Sermons at Burke, 03/07/2010

“Two Sons Have I Not”                                 March 7, 2010
Luke 15:  11–30                                         The Rev. Dr. Beth Braxton

MONOLOGUE OF THE MOTHER OF THE PRODIGAL SON(S)

My name is Viola. I am the wife of Fred Dudley of Dudley’s Diner – the best eating place in all of Forsythe County, the most hospitable eating place in all of Forsythe County. The food is simple and delicious!  We serve the best burgers, every ounce measured of grade A beef, pecan pie to die for and the smoothest milkshakes – made with real milk and ice cream!  Grits and gravy for breakfast – just like grandma made and just a $1.50.  And everyone who comes to the diner is treated like family.  The Dudley Diner has been in the family for three generations, going on four.

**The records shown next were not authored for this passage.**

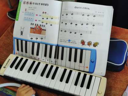1年生の教室から鍵盤ハーモニカの音が流れてきました。
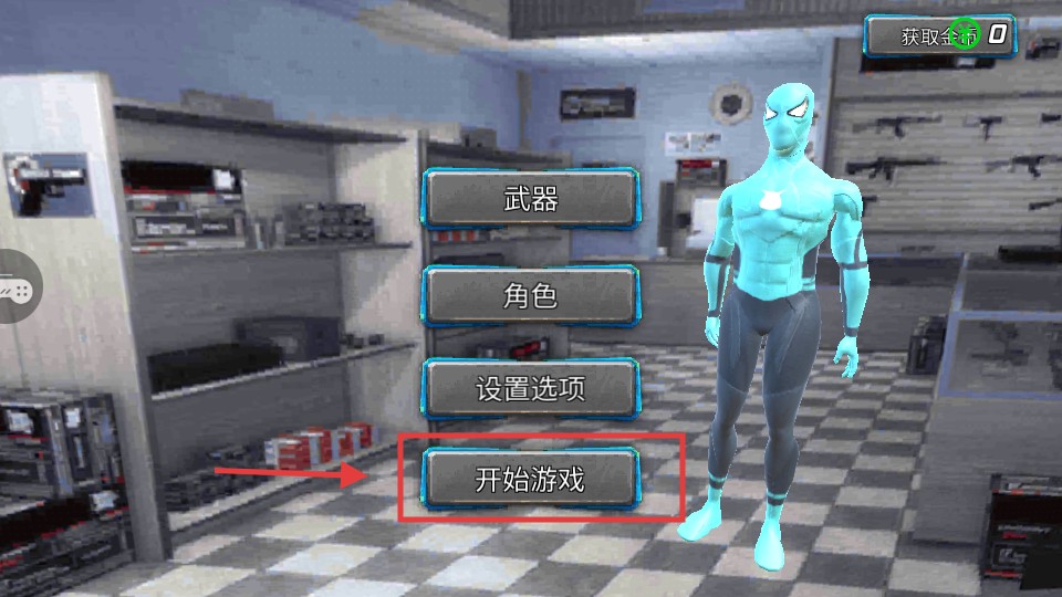 1、进入游戏主界面后,先确认【武器】【角色】设置无误,点击【开始游戏】按钮开启关卡,右上角【获取金币-0】可后续收集。
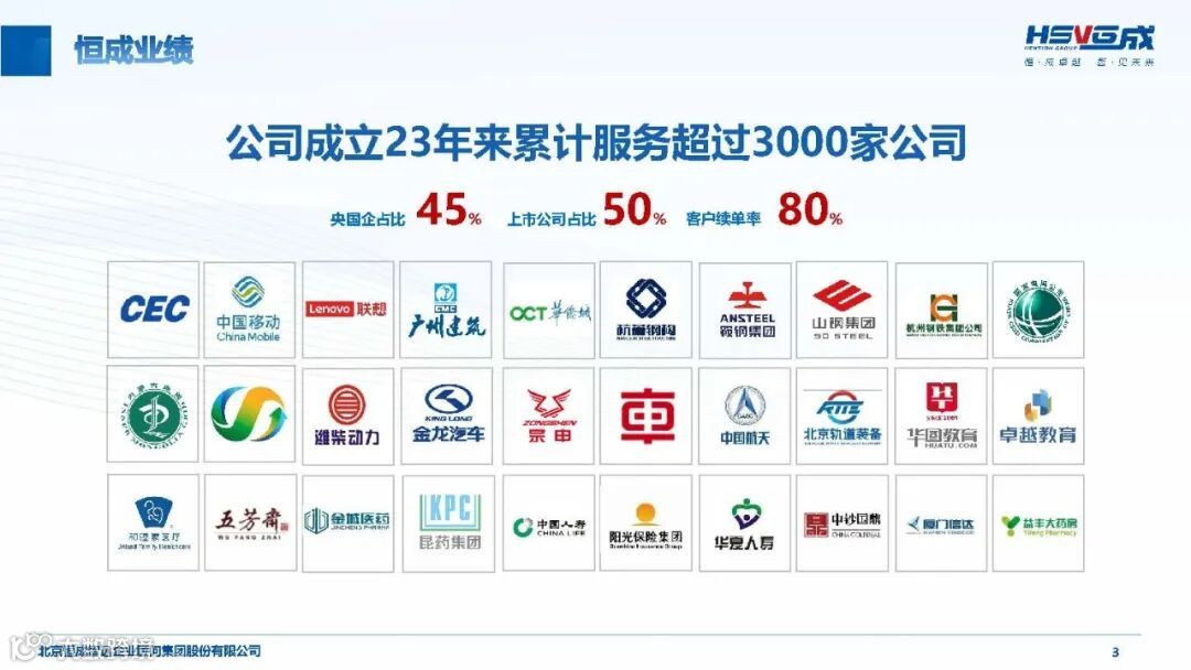 优质客户基础:累计服务 3000 + 大中型企业,涵盖中核、中化、中车等央国企(占比 45%)、上市公司(占比 50%),客户续单率高达 80%,合作周期多为 3 年以上,部分达 10 年 +。
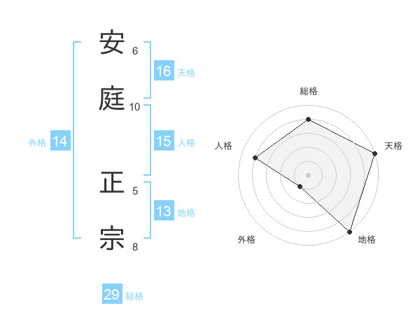 安庭 正宗さんの天格は16画の5点!
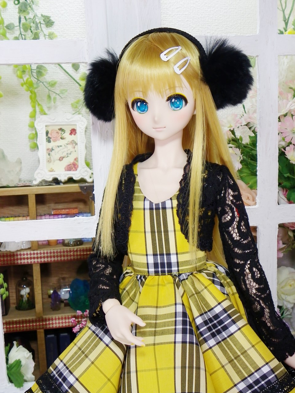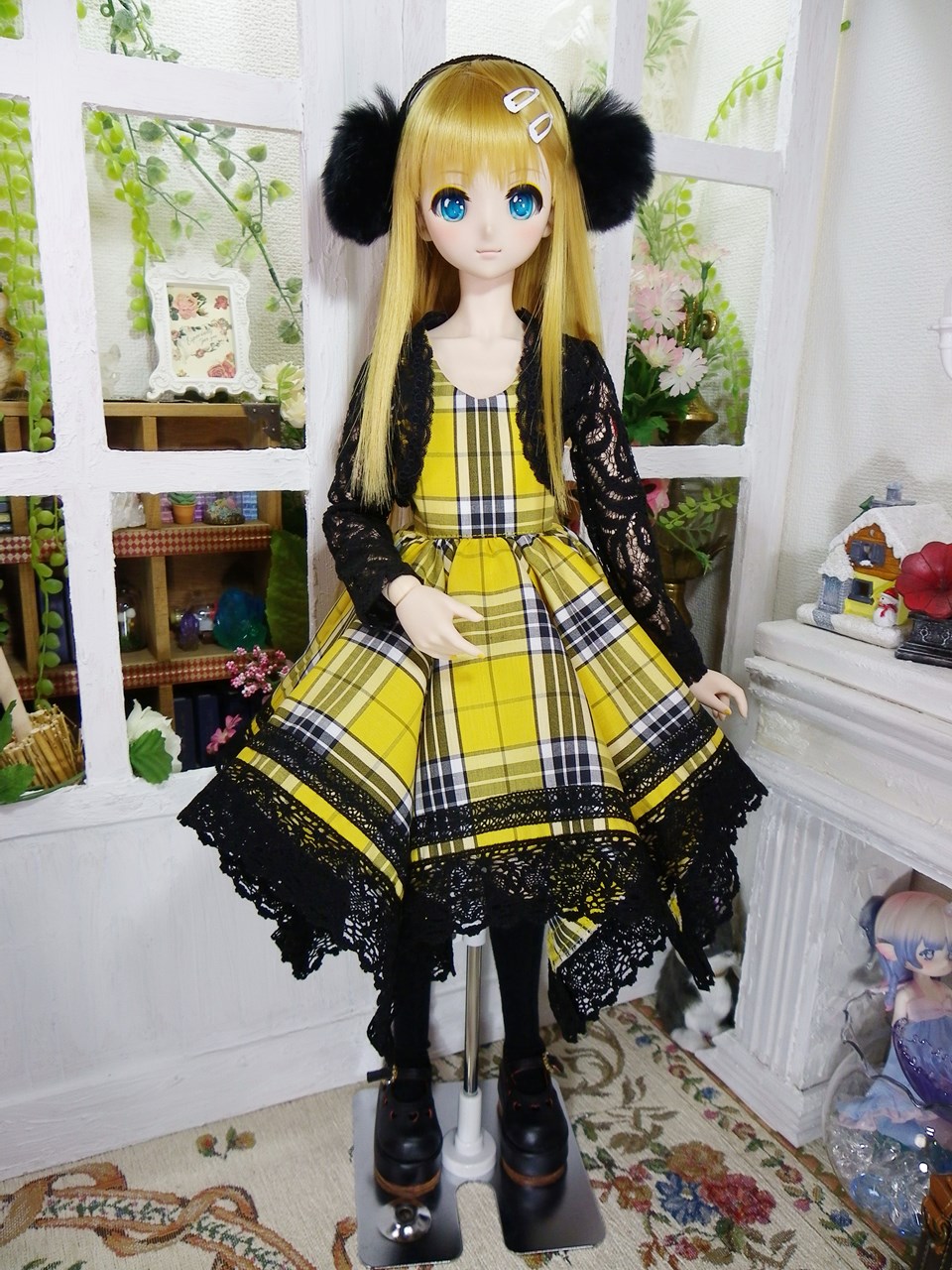 黄色のチェック柄生地を使用しておでかけOPsetを制作致しました。
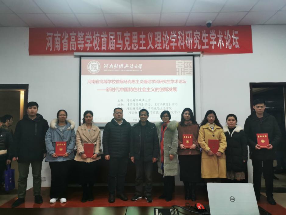 12月28日,“河南省高等学校首届马克思主义理论学科研究生学术论坛——新时代中国特色社会主义的创新发展”学术研讨会在河南财经政法大学举行,pp电子官网有7名研究生提交了学术论文并受邀参加研讨会,其中有两位同学在会上作交流发言。经会议组委会评审,pp电子官网2018级研究生张英荣获一等奖,2019级研究生詹彦彦荣获二等奖,2019级刘润博等3位学生荣获三等奖。
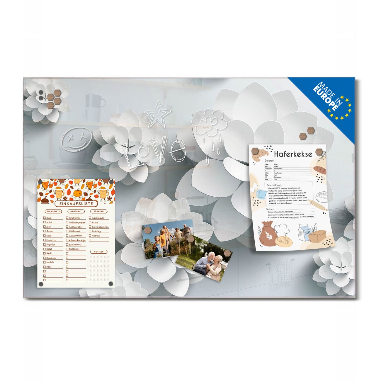 Ein Stück Design, das Ihren Alltag organisiert. Schreiben, heften, inspirieren - alles an einem Ort. Qualität, die man spürt. Montage leicht gemacht. Handwerk mit Herz - veredelt in Sachsen. Einzigartiges Design mit Motiv Motiv Papier Lotus Beschreibbare Glasoberfläche, leicht zu reinigen Starke Magnetkraft durch Stahlrückwand Inklusive 4 Neodym-Magneten Flexible Montageoptionen Handveredelt in Sachsen - Qualität, die bleibt
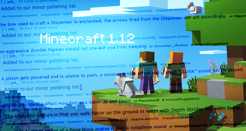 Сразу хочу предупредить, что информация содержащаяся в данной статье является предположениями, основанными на некоторых сообщения Джеба в сабредите посвящённом предложениям в Майнкрафте. Сообщения были оставлены во второй половине декабря, незадолго до того, как было объявлено о начале работ на версией 1.12.
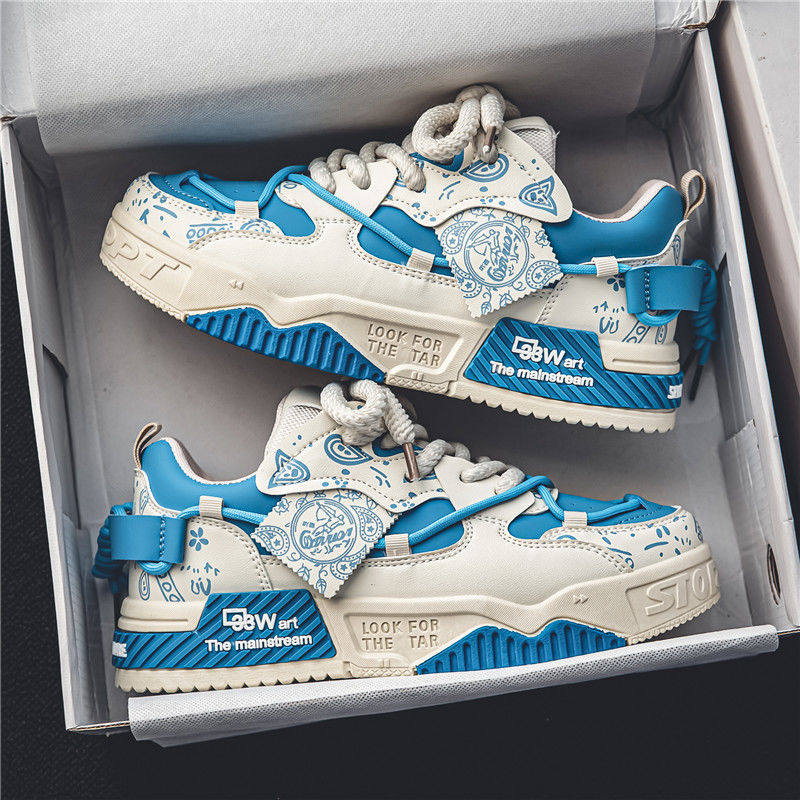 男鞋2025新款夏季百搭小众原创休闲平板鞋运动厚底增高面包潮鞋子

Let me tell you about my husband. Fred is most generous person you would ever want to know.  He is always giving to the local high school, extra goodies to sell at their concession stands at the football games and ads for the youth musical down at the church.  He is Mr. Hostess.  He personally welcomes persons to the diner, which is open from 7:00am to 10:00pm every day but Sunday.  Sunday is church day; your will find us down at the First Presbyterian Church.  Fred teaches the junior high Sunday School class. He has been doing that for nearly twenty years, so you know what a patient and loving person that takes!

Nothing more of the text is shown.